<<<<

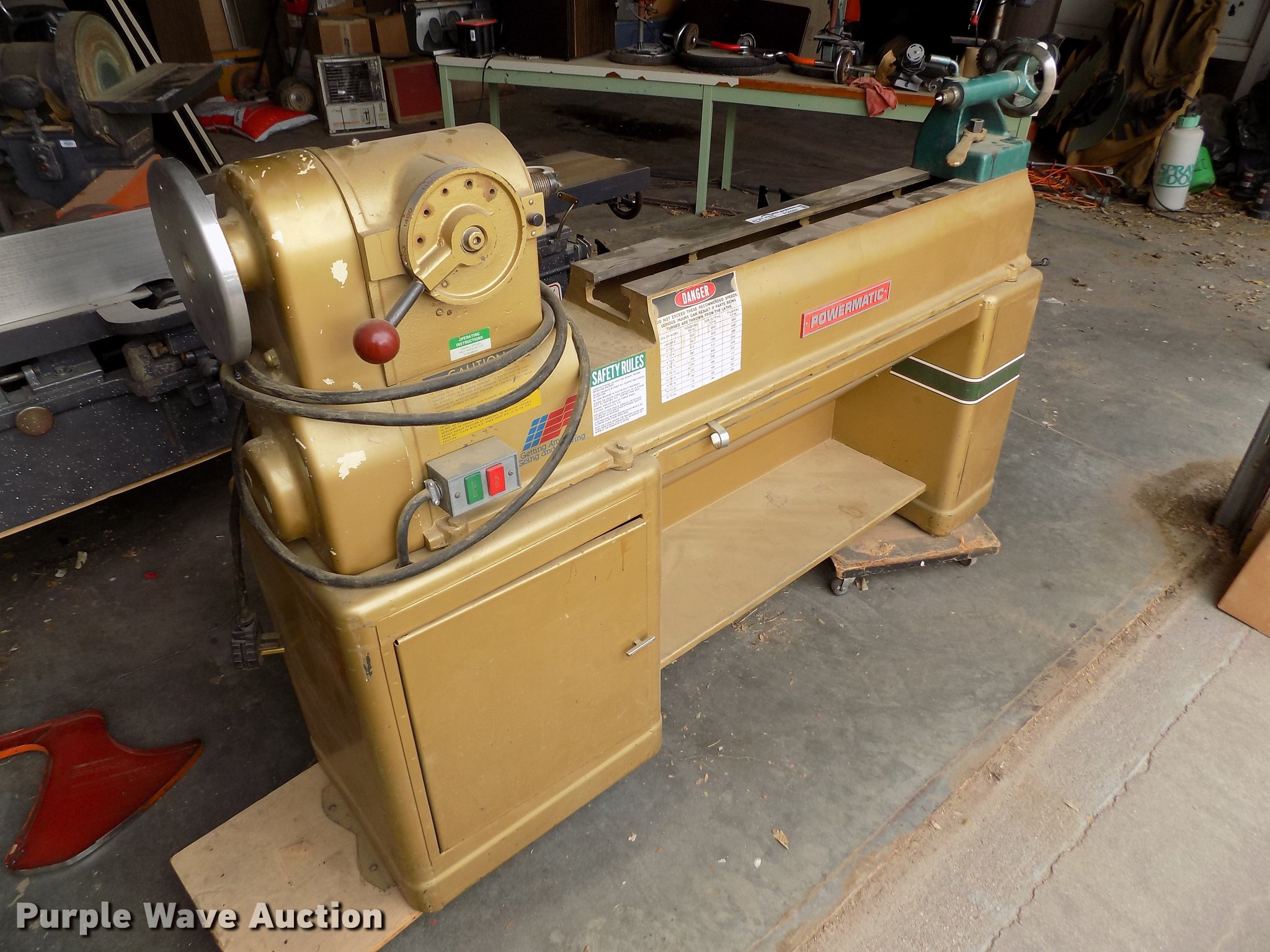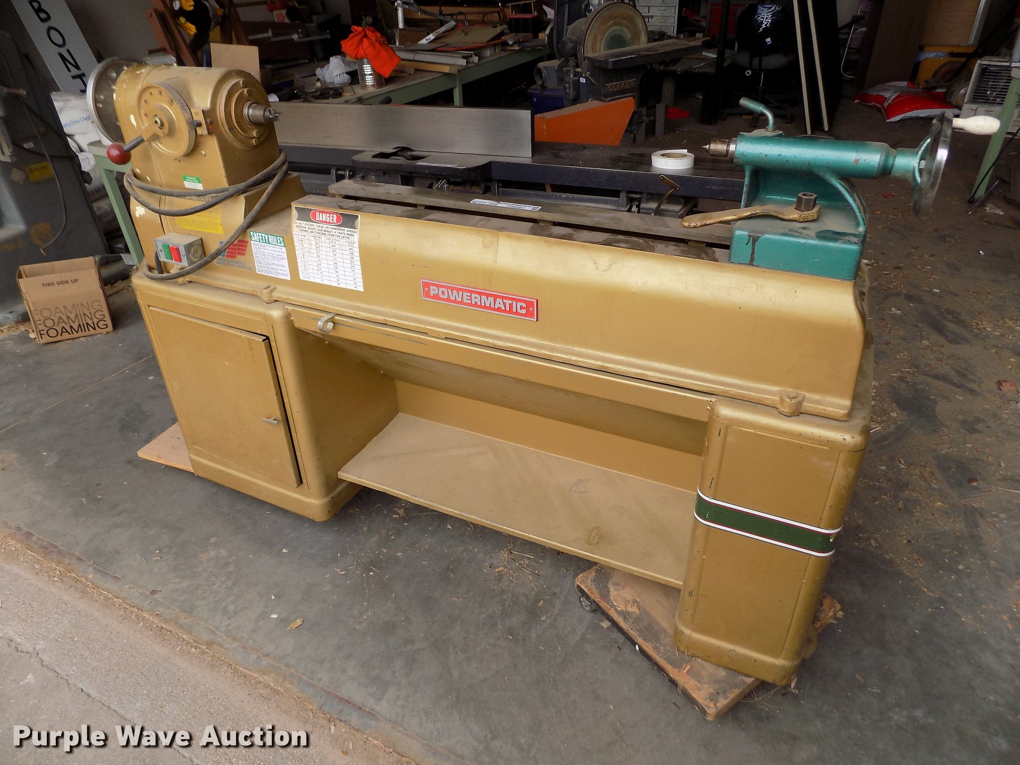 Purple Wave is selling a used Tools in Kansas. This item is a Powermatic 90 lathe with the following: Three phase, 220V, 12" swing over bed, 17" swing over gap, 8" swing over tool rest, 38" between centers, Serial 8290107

>>>>
<<<<

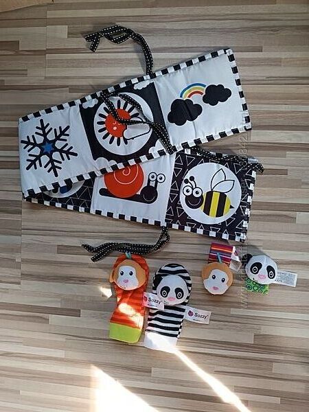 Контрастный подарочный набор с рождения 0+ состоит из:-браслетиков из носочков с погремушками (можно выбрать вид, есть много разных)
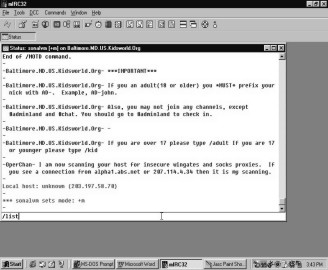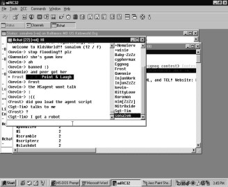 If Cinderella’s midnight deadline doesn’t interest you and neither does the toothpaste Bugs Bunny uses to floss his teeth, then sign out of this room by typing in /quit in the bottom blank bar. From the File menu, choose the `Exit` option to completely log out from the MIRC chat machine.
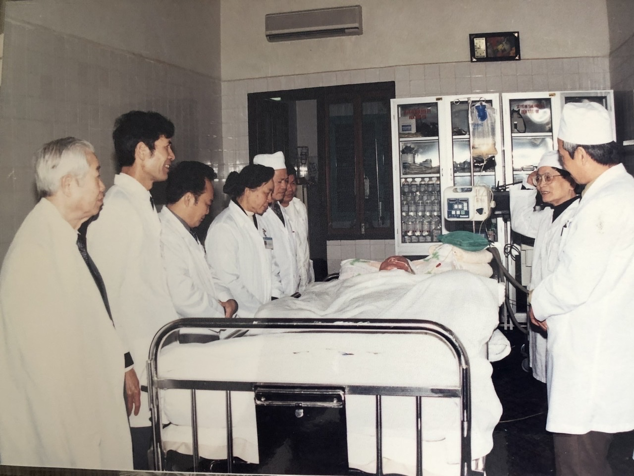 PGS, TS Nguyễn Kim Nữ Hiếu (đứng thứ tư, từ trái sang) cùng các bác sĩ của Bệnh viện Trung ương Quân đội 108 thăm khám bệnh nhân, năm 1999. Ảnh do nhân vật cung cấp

>>>>

◆ Task
Line for line, output the entries above from the line with "If Cinderella’s midnight" to the line with "PGS, TS Nguyễn", both included, and nothing more. Skip pictures.

◆ Your solution
 If Cinderella’s midnight deadline doesn’t interest you and neither does the toothpaste Bugs Bunny uses to floss his teeth, then sign out of this room by typing in /quit in the bottom blank bar. From the File menu, choose the `Exit` option to completely log out from the MIRC chat machine.
 PGS, TS Nguyễn Kim Nữ Hiếu (đứng thứ tư, từ trái sang) cùng các bác sĩ của Bệnh viện Trung ương Quân đội 108 thăm khám bệnh nhân, năm 1999. Ảnh do nhân vật cung cấp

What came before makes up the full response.